◆ What the task requires
Starting with the line that contains "Cuando terminamos, y" and ending with the last line of the listing, print each line exactly. Pictures stay out.

◆ Input for this task
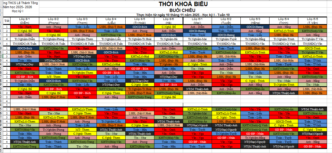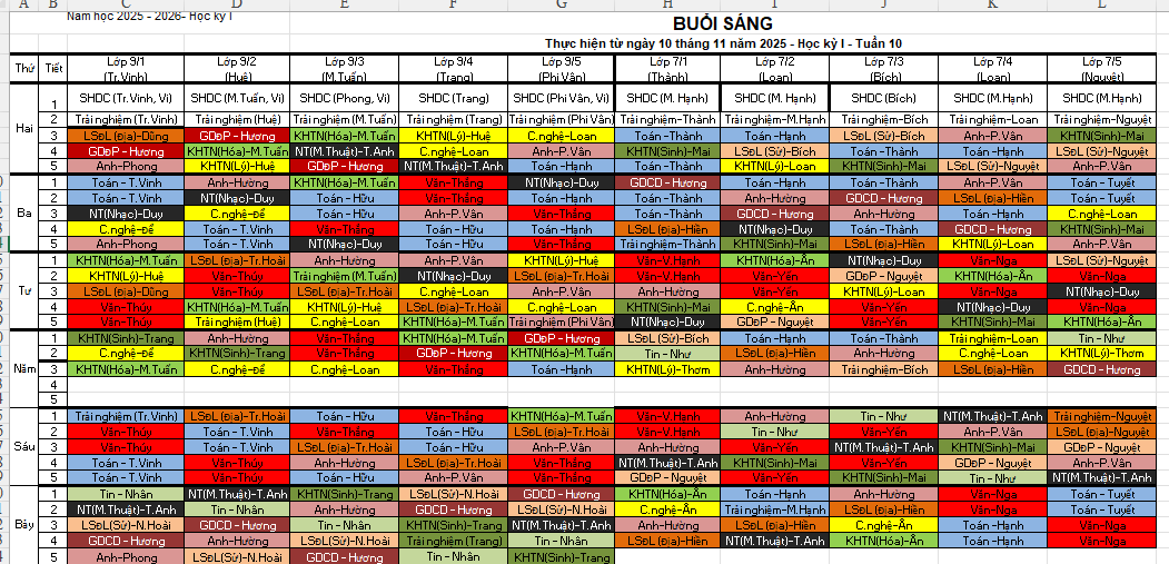 Thời khóa biểu tuần 10 - HKI - Năm học 2025-2026 (Áp dụng từ ngày 10/11/2025)
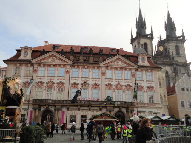 Cuando terminamos, y siendo ya casi hora de comer, fuimos a uno de los típicos mercadillos navideños con casetas y puestecillos de comida y vino caliente. Mucha gente, mucho fresco y muchos perritos calientes. También aprovechamos para ver el reloj astronómico y la “ceremonia” que realiza cada hora en punto, ver la Narodni Gallery, el Rudolfinum…
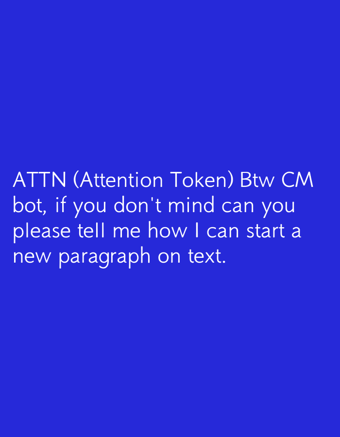 The image depicts white sans-serif text against a solid royal blue background. The text reads: "ATTN (Attention Token) Btw CM bot, if you don't mind can you please tell me how I can start a new paragraph on text." The scene is a digital interface displaying a query. No individuals or physical objects other than the displayed text are present. The location is an unidentifiable digital display.
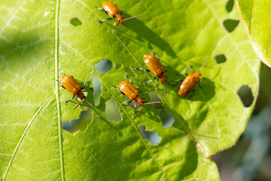 Orange colored leaf beetles on a East Asian arrowroot leaf.
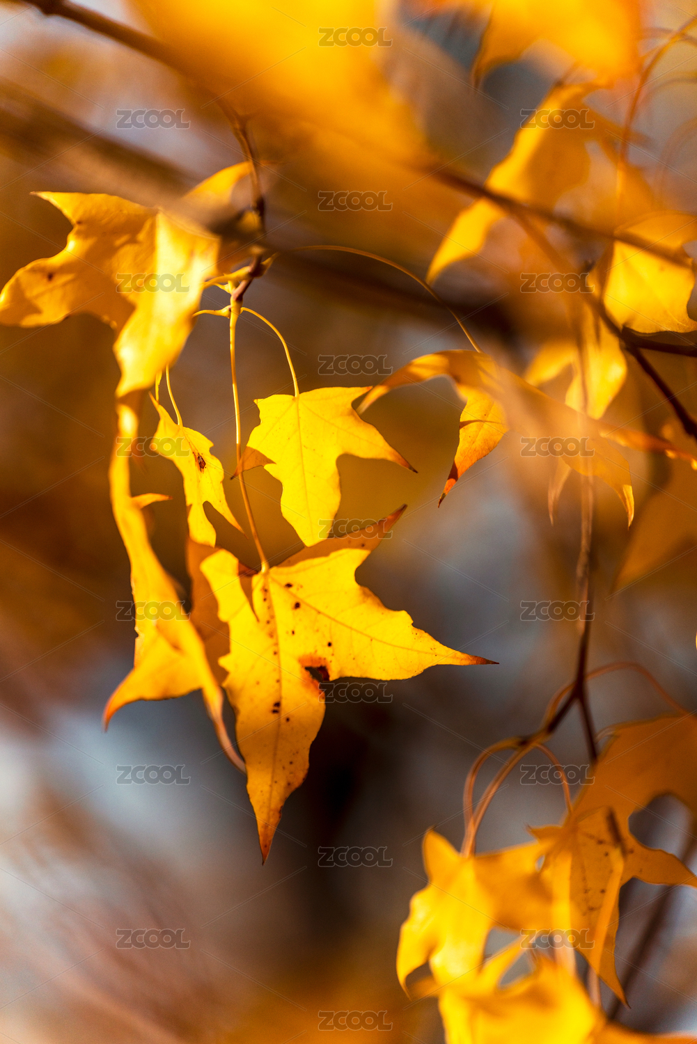 秋天阳光下枫叶黄叶特写

◆ Result of this exercise
 Cuando terminamos, y siendo ya casi hora de comer, fuimos a uno de los típicos mercadillos navideños con casetas y puestecillos de comida y vino caliente. Mucha gente, mucho fresco y muchos perritos calientes. También aprovechamos para ver el reloj astronómico y la “ceremonia” que realiza cada hora en punto, ver la Narodni Gallery, el Rudolfinum…
 The image depicts white sans-serif text against a solid royal blue background. The text reads: "ATTN (Attention Token) Btw CM bot, if you don't mind can you please tell me how I can start a new paragraph on text." The scene is a digital interface displaying a query. No individuals or physical objects other than the displayed text are present. The location is an unidentifiable digital display.
 Orange colored leaf beetles on a East Asian arrowroot leaf.
 秋天阳光下枫叶黄叶特写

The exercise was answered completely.